╔══

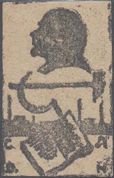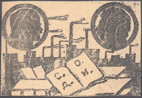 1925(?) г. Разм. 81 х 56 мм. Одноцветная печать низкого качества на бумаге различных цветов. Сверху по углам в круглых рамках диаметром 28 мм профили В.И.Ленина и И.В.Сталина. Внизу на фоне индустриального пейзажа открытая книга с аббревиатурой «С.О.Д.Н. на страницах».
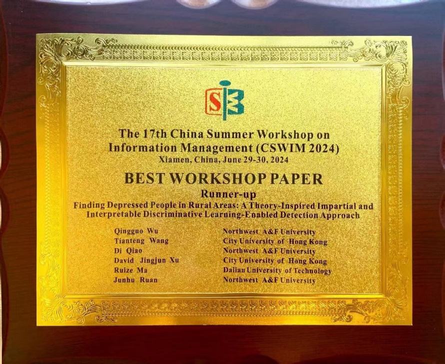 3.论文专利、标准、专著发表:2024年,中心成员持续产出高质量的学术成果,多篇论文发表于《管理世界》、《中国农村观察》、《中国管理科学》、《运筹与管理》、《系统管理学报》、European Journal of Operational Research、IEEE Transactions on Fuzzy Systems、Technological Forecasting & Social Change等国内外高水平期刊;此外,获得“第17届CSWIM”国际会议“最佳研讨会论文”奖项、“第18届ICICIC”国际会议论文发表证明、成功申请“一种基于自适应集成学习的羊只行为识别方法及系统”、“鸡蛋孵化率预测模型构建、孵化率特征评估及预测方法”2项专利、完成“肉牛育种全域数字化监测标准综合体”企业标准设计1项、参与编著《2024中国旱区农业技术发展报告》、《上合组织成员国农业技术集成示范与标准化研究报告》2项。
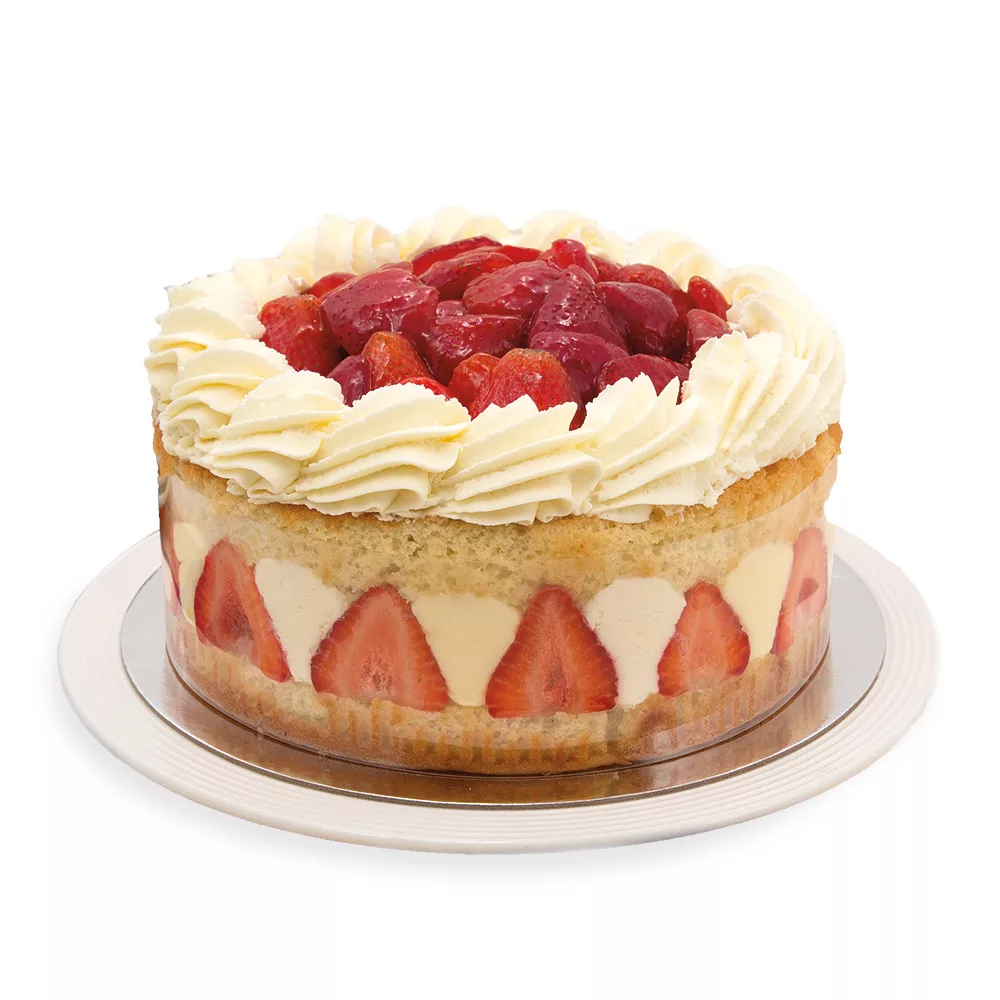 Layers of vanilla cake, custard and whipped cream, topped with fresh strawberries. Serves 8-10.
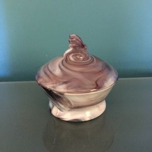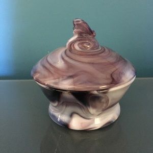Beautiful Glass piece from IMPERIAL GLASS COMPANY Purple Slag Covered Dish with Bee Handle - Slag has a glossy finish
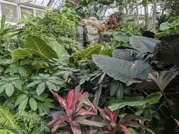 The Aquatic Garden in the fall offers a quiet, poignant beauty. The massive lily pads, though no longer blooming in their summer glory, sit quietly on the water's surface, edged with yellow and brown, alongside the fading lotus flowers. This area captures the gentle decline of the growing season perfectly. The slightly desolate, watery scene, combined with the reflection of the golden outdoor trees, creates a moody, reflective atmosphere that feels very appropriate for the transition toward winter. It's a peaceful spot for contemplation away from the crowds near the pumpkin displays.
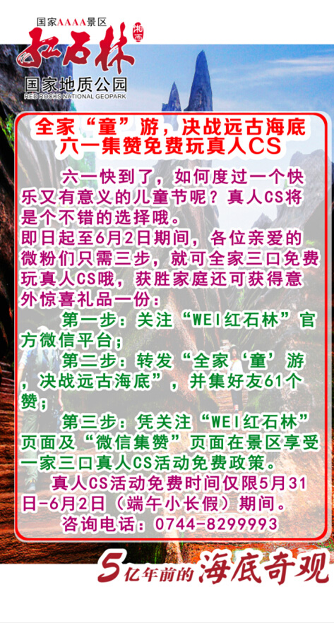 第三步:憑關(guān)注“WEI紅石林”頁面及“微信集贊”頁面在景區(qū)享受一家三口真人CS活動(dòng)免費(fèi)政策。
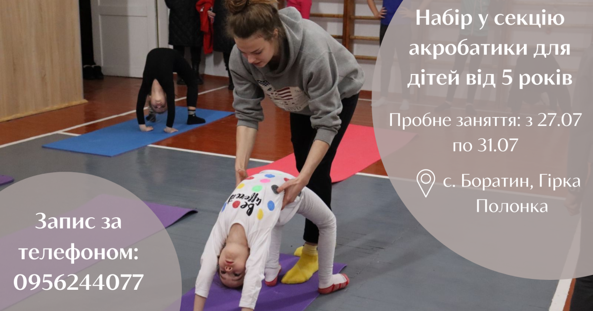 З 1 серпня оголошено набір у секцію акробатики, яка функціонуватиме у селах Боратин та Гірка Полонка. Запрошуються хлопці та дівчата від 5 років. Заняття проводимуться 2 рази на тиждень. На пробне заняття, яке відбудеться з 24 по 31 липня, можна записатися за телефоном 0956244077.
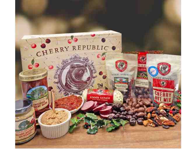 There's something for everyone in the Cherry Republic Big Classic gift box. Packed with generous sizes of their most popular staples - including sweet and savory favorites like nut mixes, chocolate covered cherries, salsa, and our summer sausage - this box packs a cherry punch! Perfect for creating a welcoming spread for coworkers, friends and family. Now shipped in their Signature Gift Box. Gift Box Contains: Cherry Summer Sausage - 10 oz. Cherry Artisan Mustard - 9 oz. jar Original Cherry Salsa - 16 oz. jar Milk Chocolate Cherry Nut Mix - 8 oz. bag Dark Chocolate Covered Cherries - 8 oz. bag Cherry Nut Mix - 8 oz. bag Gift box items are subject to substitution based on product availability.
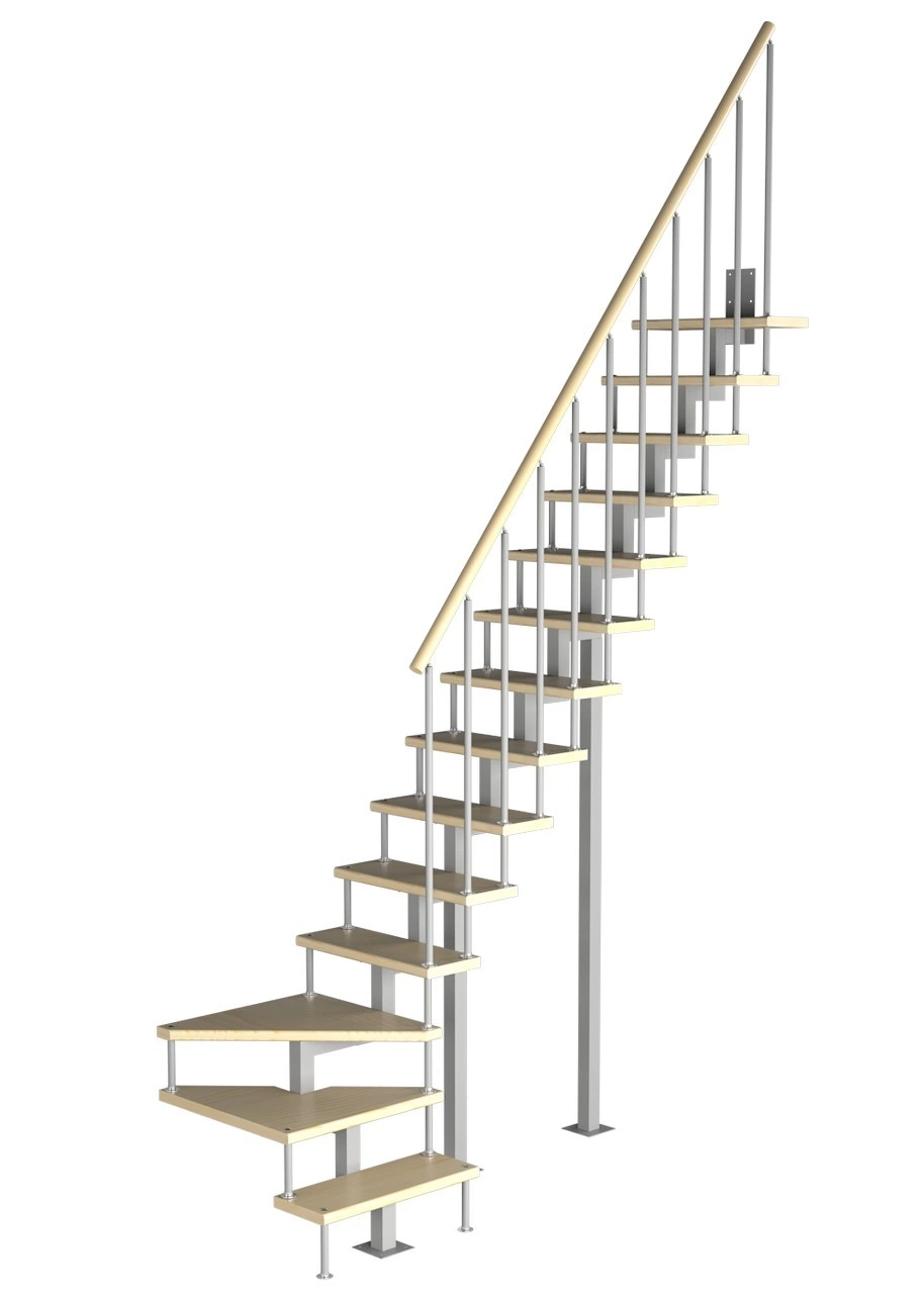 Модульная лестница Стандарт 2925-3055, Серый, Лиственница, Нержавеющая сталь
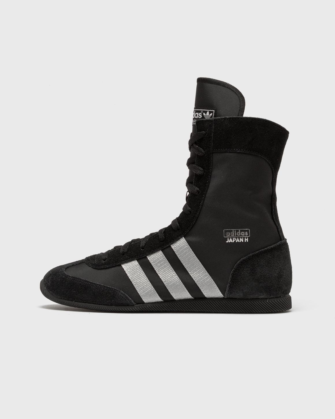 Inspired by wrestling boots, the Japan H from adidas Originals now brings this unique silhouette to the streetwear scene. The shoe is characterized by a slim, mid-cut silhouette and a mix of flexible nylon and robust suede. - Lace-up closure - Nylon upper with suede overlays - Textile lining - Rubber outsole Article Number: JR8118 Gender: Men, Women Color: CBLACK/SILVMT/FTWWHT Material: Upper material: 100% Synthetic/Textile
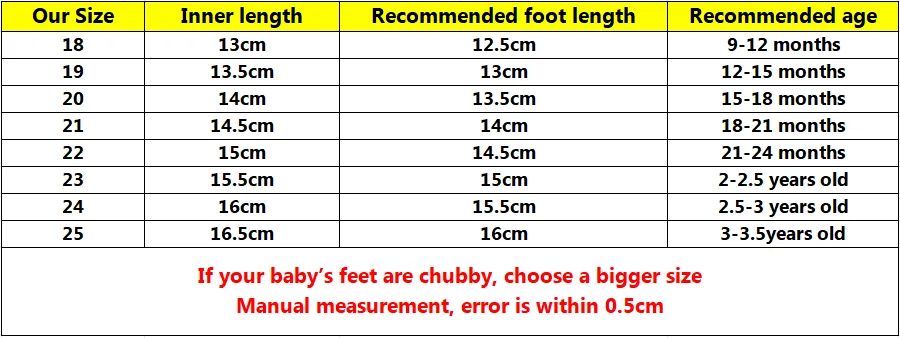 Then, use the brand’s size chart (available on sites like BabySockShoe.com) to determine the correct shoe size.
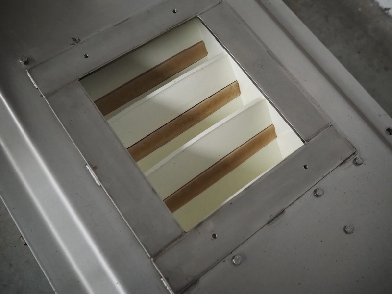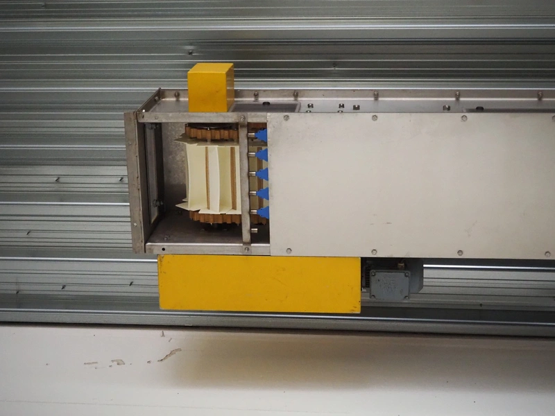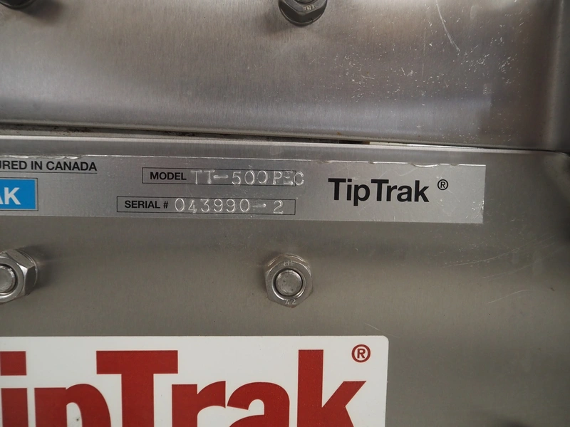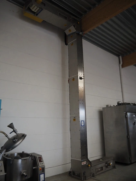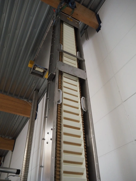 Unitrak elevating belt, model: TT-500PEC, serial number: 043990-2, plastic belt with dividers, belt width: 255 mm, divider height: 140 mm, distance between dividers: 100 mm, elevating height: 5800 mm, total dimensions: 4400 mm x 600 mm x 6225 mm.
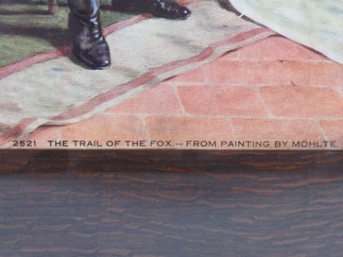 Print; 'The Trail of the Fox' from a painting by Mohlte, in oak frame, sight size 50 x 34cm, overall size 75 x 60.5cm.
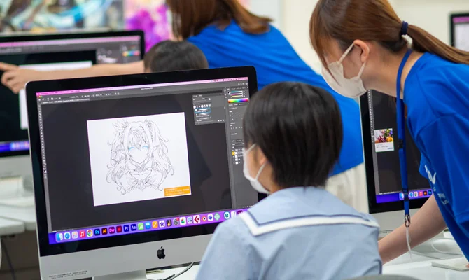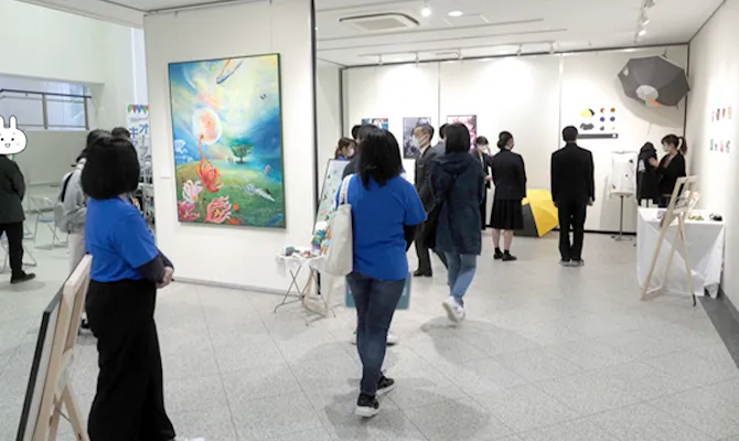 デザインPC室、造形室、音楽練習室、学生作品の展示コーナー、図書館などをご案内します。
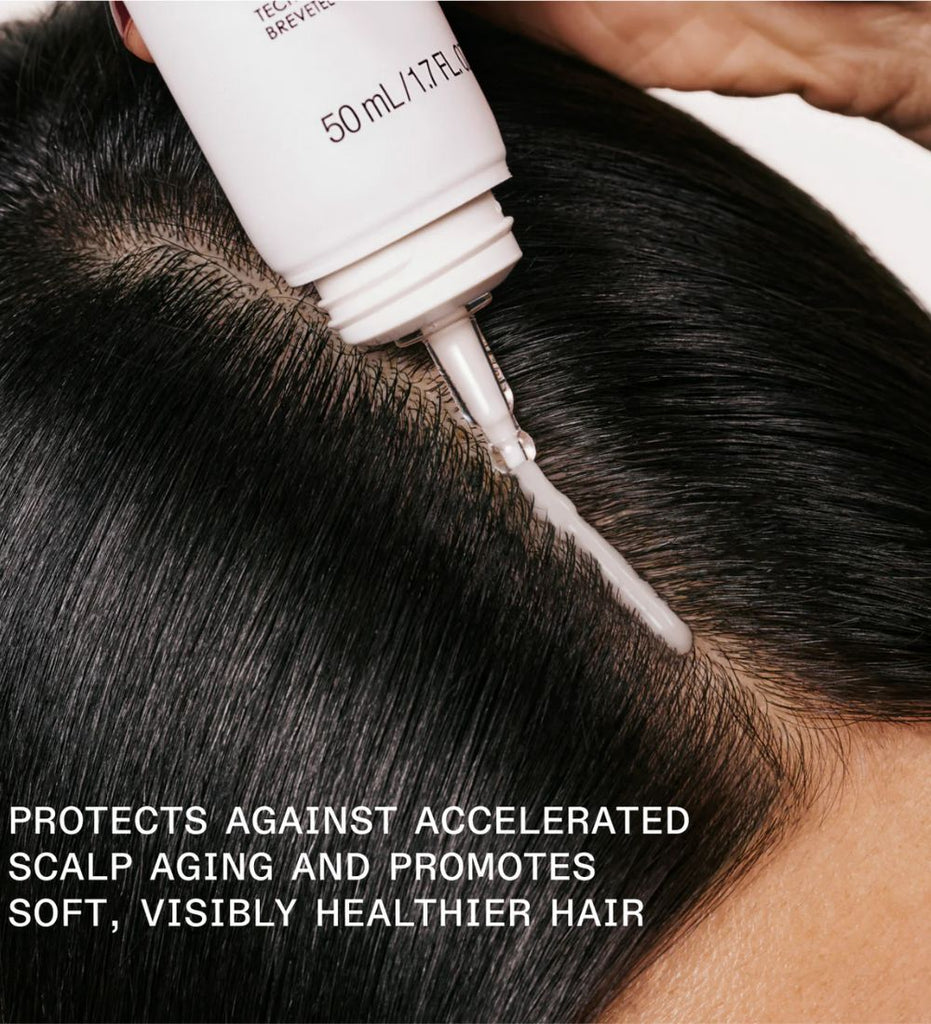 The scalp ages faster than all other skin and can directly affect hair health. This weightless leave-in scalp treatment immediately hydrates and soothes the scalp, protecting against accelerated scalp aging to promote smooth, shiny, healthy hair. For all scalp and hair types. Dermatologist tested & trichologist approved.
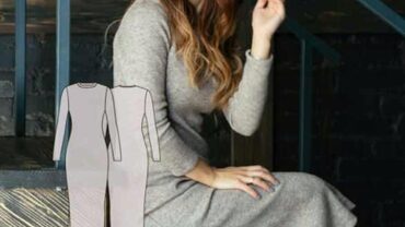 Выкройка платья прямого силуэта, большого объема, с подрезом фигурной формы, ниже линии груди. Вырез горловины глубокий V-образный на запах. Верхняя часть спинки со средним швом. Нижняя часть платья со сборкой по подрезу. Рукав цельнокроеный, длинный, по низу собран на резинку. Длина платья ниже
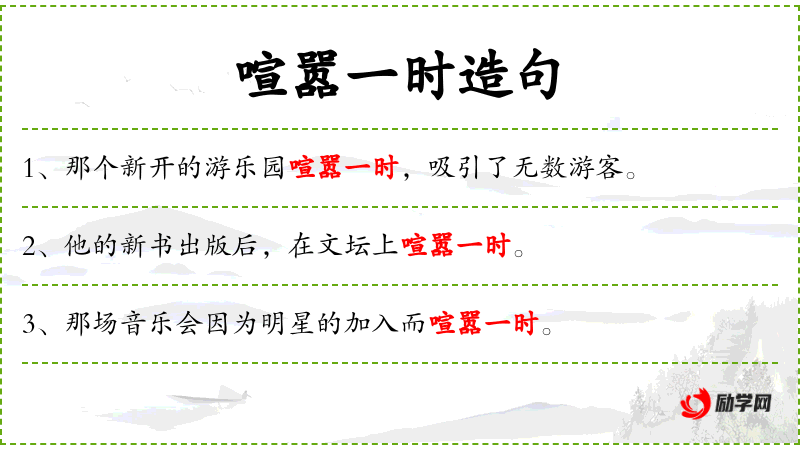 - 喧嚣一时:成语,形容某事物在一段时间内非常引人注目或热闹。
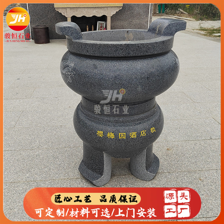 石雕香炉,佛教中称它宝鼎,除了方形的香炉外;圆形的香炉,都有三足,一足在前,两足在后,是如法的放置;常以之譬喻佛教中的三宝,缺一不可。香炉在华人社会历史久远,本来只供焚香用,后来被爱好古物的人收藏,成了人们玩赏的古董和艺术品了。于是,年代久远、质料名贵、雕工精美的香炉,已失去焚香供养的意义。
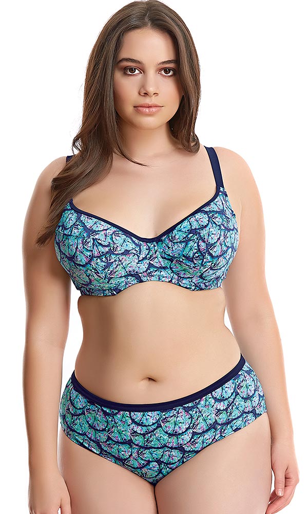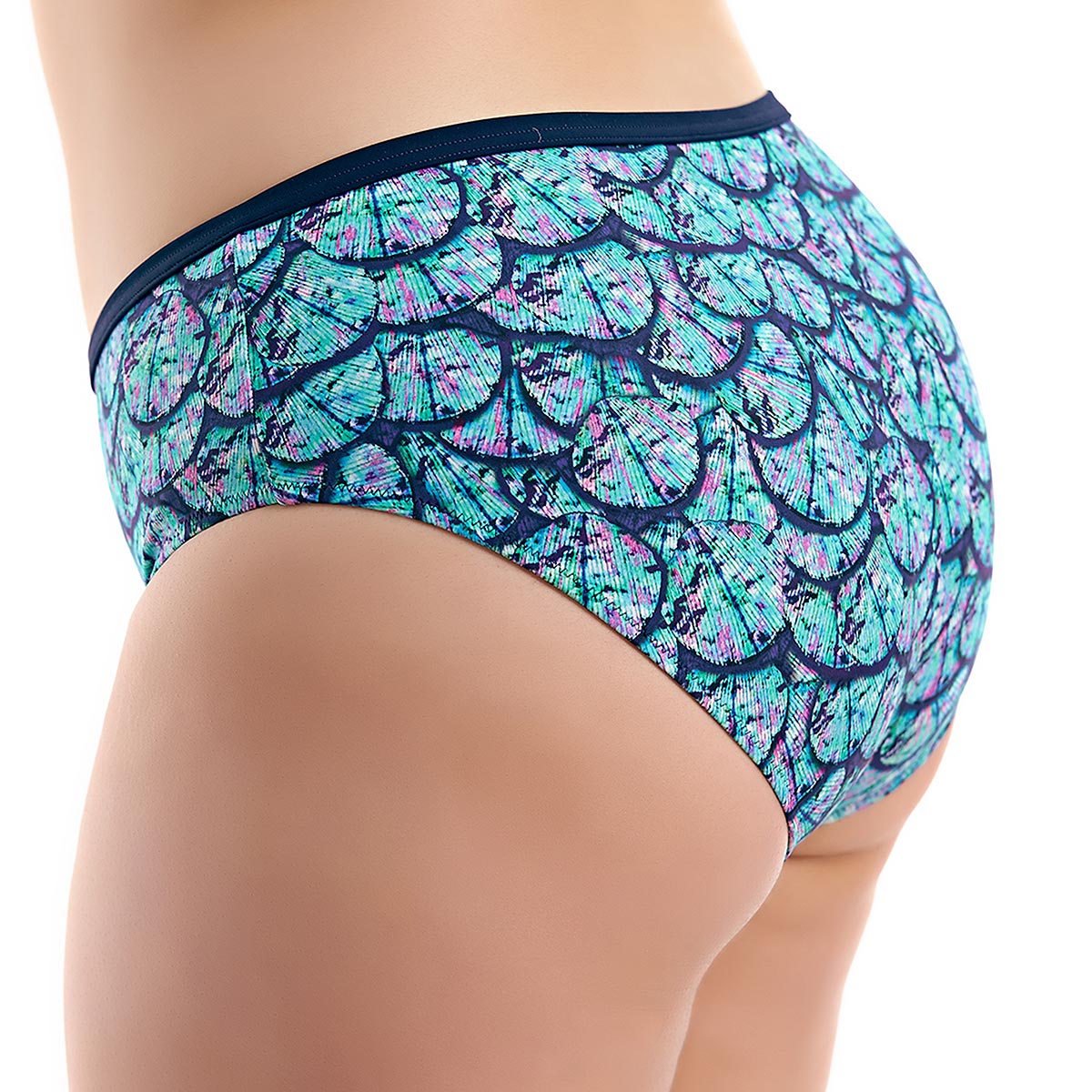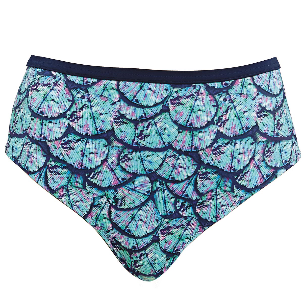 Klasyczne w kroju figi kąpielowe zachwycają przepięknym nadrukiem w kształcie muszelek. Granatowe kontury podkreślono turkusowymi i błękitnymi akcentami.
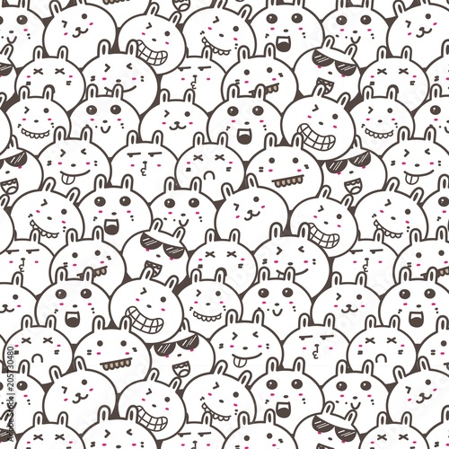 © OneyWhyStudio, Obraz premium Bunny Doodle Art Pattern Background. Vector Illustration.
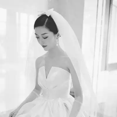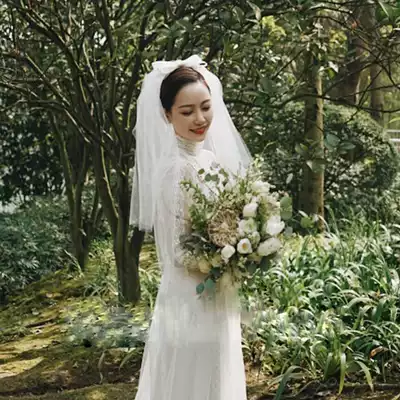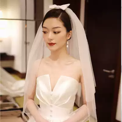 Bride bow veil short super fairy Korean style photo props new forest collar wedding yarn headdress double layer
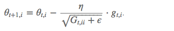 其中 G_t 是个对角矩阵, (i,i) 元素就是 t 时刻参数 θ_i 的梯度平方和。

╚══

Aim of the exercise
Could you set down word for word each line from the one holding "Background. Vector Illustration." through the end of the material above, without any pictures?

Answer below
 © OneyWhyStudio, Obraz premium Bunny Doodle Art Pattern Background. Vector Illustration.
 Bride bow veil short super fairy Korean style photo props new forest collar wedding yarn headdress double layer
 其中 G_t 是个对角矩阵, (i,i) 元素就是 t 时刻参数 θ_i 的梯度平方和。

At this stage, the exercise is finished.